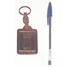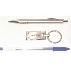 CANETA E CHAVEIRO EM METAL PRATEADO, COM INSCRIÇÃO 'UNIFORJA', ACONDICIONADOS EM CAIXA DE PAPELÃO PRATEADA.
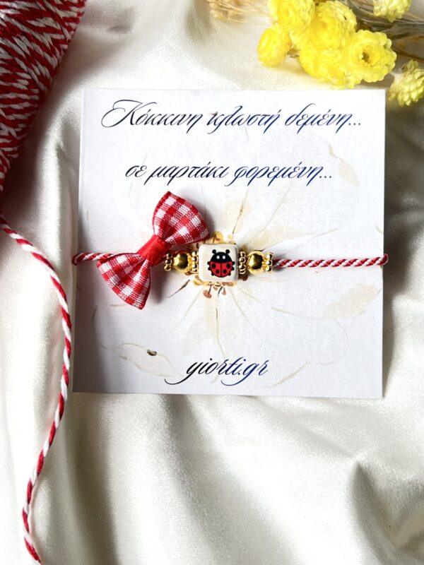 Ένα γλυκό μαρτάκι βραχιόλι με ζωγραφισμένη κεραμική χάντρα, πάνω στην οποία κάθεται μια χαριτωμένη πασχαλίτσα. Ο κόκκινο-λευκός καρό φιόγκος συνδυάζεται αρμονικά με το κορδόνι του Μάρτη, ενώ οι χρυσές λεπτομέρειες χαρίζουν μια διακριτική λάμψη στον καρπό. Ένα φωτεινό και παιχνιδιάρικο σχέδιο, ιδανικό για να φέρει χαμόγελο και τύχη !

===============

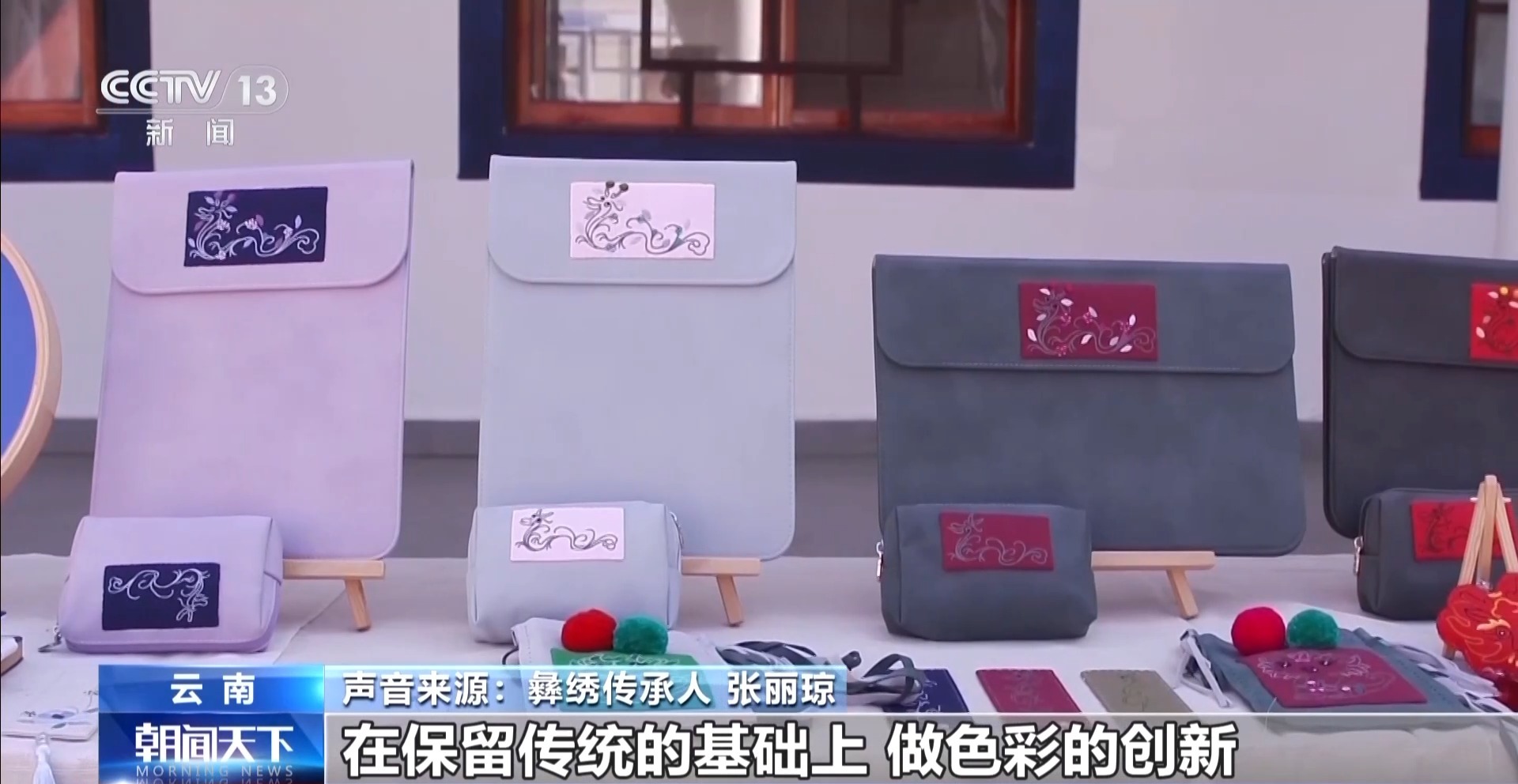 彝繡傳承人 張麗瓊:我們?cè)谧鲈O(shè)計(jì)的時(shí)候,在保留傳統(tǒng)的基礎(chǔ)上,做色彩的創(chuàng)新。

===============

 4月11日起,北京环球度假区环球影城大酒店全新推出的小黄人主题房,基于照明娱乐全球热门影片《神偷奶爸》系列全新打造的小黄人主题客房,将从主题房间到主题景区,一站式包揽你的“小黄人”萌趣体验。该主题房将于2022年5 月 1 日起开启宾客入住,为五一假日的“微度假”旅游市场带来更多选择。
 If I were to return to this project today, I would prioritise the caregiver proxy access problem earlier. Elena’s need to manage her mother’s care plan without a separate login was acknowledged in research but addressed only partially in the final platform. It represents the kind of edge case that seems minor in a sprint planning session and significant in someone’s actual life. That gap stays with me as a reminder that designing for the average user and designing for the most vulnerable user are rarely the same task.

===============

▸ **Task brief**: Could the stretch from the line with "CANETA E CHAVEIRO" through the line with "Ένα γλυκό μαρτάκι" in the listing above be restated word for word, minus the pictures?

▸ **Expected answer**:
 CANETA E CHAVEIRO EM METAL PRATEADO, COM INSCRIÇÃO 'UNIFORJA', ACONDICIONADOS EM CAIXA DE PAPELÃO PRATEADA.
 Ένα γλυκό μαρτάκι βραχιόλι με ζωγραφισμένη κεραμική χάντρα, πάνω στην οποία κάθεται μια χαριτωμένη πασχαλίτσα. Ο κόκκινο-λευκός καρό φιόγκος συνδυάζεται αρμονικά με το κορδόνι του Μάρτη, ενώ οι χρυσές λεπτομέρειες χαρίζουν μια διακριτική λάμψη στον καρπό. Ένα φωτεινό και παιχνιδιάρικο σχέδιο, ιδανικό για να φέρει χαμόγελο και τύχη !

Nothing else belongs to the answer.